━━━━━ DATA SECTION ━━━━━
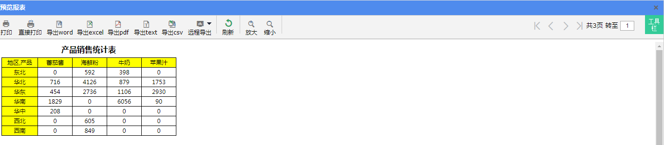 - 报表的行、列表头数据均是从数据集中动态获取,例如本示例报表中行表头按字段“地区”纵向分组,列表头按字段“产品名称”横向分组。
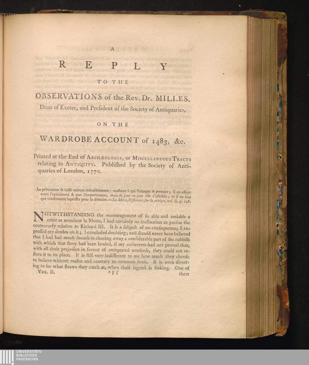 Reply to the Observations of the Rev. Dr. Milles
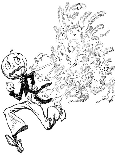 "Yes, dear Peter," quavered Jack, "but smoke is most injurious to pumpkins! Oh my head! My poor poor head!" Peter had no time to sympathize with Jack, for at that moment a crowd of Smokies surrounded them. Their eyes were spite-red sparks and, snatching at Peter and Jack with their long shadowy arms, they began to hiss and puff threateningly.
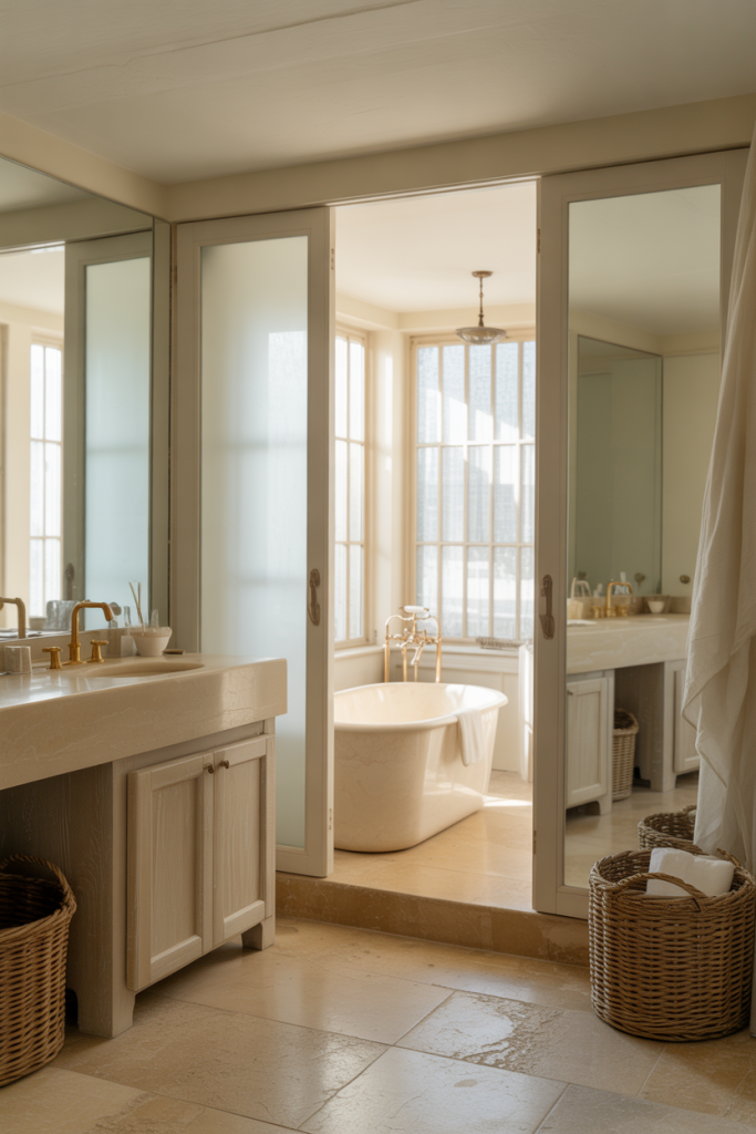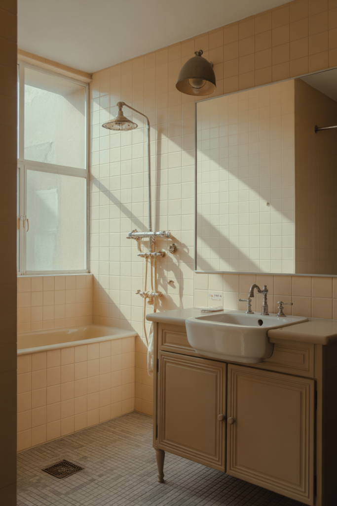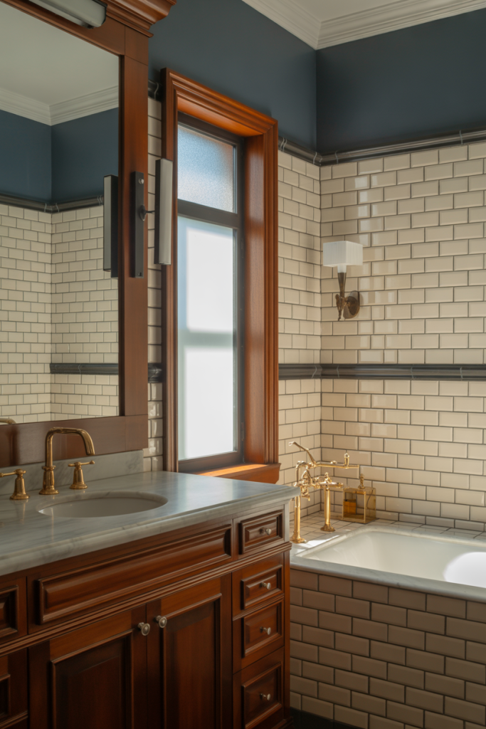 This approach suits homeowners who want personality without committing to a full period look. The value lies in balance: one or two vintage elements are enough. Overdoing it can quickly shift the bathroom from curated to costume-like.
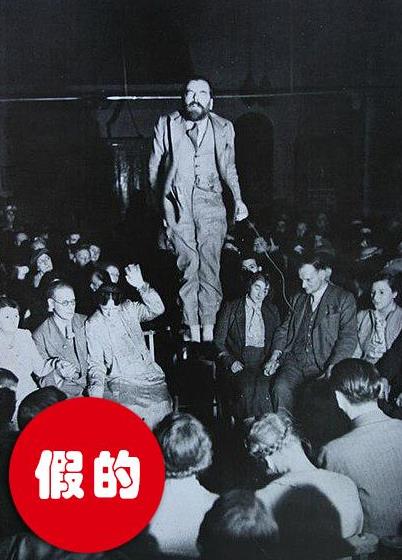 這張照片看起來讓人很是不可思議,然而這張照片真的是偽造的。它描繪了二十世紀初的靈性主義者科林埃文斯。在其中一個會議上,埃文斯在黑暗中表演,拍攝了這張照片。看起來他應該是懸浮的。但事實上,當閃光燈照亮他的身影時,他才跳了起來。仔細看看,他袖子上的繩子給了他混淆大眾的機會,埃文斯只是在恰當的時刻(跳躍時期)按下閃光釋放按鈕。
━━━━━
__WHAT TO WORK ON__:
Everything from the line containing "and puff threateningly." to the last line of the records above should be reproduced exactly, except the pictures.

__YOUR RESPONSE__:
 "Yes, dear Peter," quavered Jack, "but smoke is most injurious to pumpkins! Oh my head! My poor poor head!" Peter had no time to sympathize with Jack, for at that moment a crowd of Smokies surrounded them. Their eyes were spite-red sparks and, snatching at Peter and Jack with their long shadowy arms, they began to hiss and puff threateningly.
 This approach suits homeowners who want personality without committing to a full period look. The value lies in balance: one or two vintage elements are enough. Overdoing it can quickly shift the bathroom from curated to costume-like.
 這張照片看起來讓人很是不可思議,然而這張照片真的是偽造的。它描繪了二十世紀初的靈性主義者科林埃文斯。在其中一個會議上,埃文斯在黑暗中表演,拍攝了這張照片。看起來他應該是懸浮的。但事實上,當閃光燈照亮他的身影時,他才跳了起來。仔細看看,他袖子上的繩子給了他混淆大眾的機會,埃文斯只是在恰當的時刻(跳躍時期)按下閃光釋放按鈕。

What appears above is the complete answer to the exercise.